**WORKING DATA:**
[Start of section]

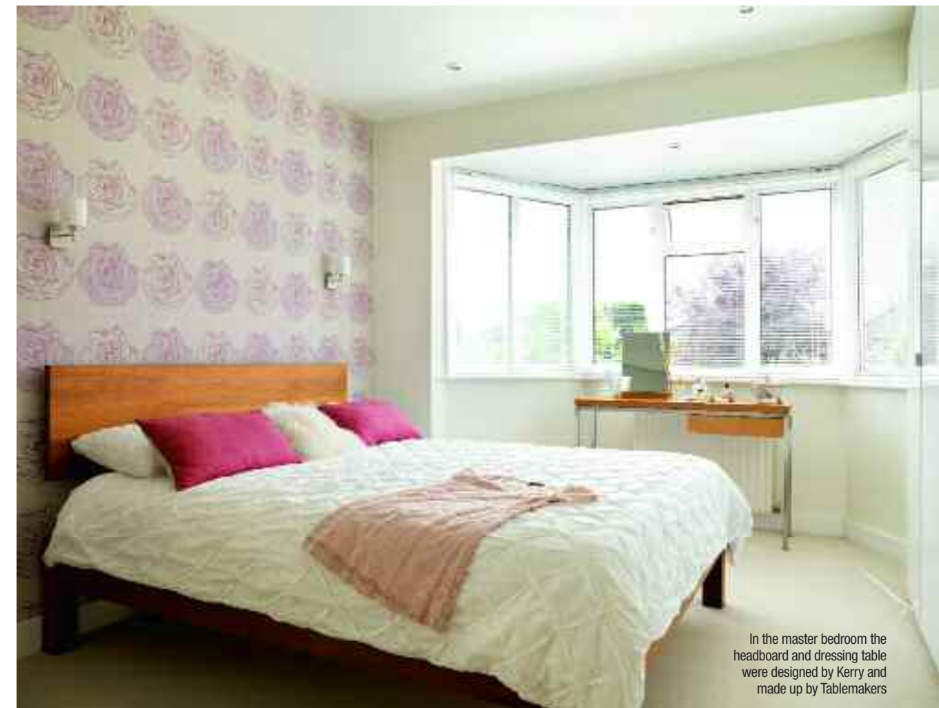
In the master bedroom the headboard and dressing table were designed by Kerry and made up by Tablemakers

started,' says Kerry. 'Clearly I was crazy because it was obvious that it would be impossible for us to stay in a house with no mains water and all the dirt and disruption – as well as being totally unsafe for the children. So we ended up having to move out and rent a flat in the local area for the duration of the build.'
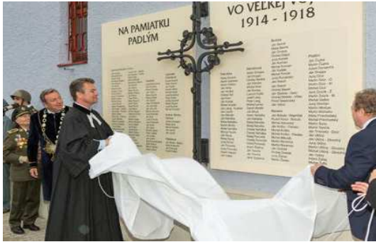
Figure 2. Memorial plaque

for the rest of their lives. In the great war of 1914 - 1918, a table at the evangelical church with names of those who have never returned from this war has been revealed on the memory of the fallen in the Great War (Figure 2)
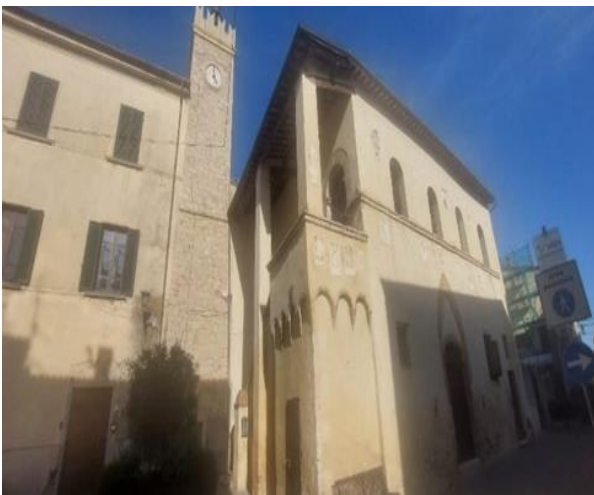
30 Palazzo dei Priori
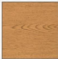
Light Oak 7888-60 OK
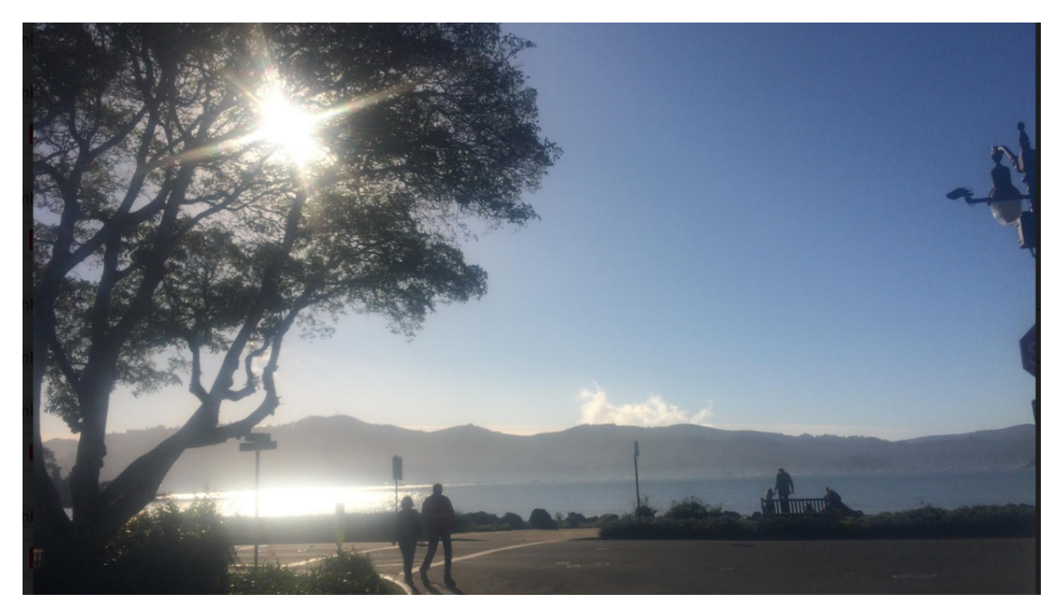
Happy Tuesday, Villagers

Please <u>send along</u> your suggestions for materials to add to the daily tips. We're always looking for good content. And visit our <u>website</u> for more information about our organization and programs.
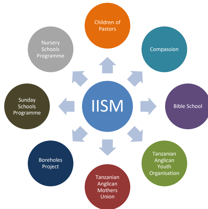
Figure 1: Organisations Supported by IISM and the Church

Sitting at the center of the local community, the city of Mwanza and the wider region, the school is integral to the voluntary sector in the region with its direct support of organisations. Not only is this through the educational development of staff and learners, it is also through the financial and strategic support provided to a range of charitable organisations.
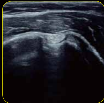
The L12-5Q transducer and Tissue Adaptive Imaging continuously and automatically optimizes multiple parameters resulting in excellent definition of the biceps tendon.
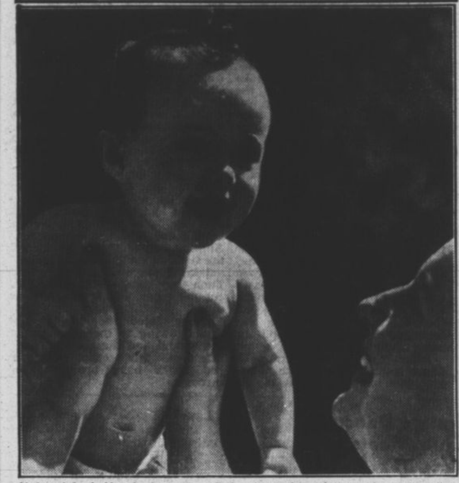
Up's-a-daisy! Here's just one of the appealing pictures from a series showing the big events in a baby's day. Picture series, you'll find, are a more interesting than just single shots.

PERHAPS I'm wrong, but I think the reason most amateur photographers don't try to make picture stories—or series of pictures—is that they believe they lack the necessary equipment, or subject matter. Well, let me kill such rumors right now. The truth is you can make complete picture stories with any camera if you'll just try. Furthermore, you don't have to have a spectacular subject to make a good set of pictures.

[End of section]

**THE TASK:** Copy word for word only the lines above from the one with "30 Palazzo dei Priori" through the one with "Sitting at the". Leave pictures out.

**RESULT OF THE TASK:**
30 Palazzo dei Priori
Light Oak 7888-60 OK
Happy Tuesday, Villagers

Please <u>send along</u> your suggestions for materials to add to the daily tips. We're always looking for good content. And visit our <u>website</u> for more information about our organization and programs.
Figure 1: Organisations Supported by IISM and the Church

Sitting at the center of the local community, the city of Mwanza and the wider region, the school is integral to the voluntary sector in the region with its direct support of organisations. Not only is this through the educational development of staff and learners, it is also through the financial and strategic support provided to a range of charitable organisations.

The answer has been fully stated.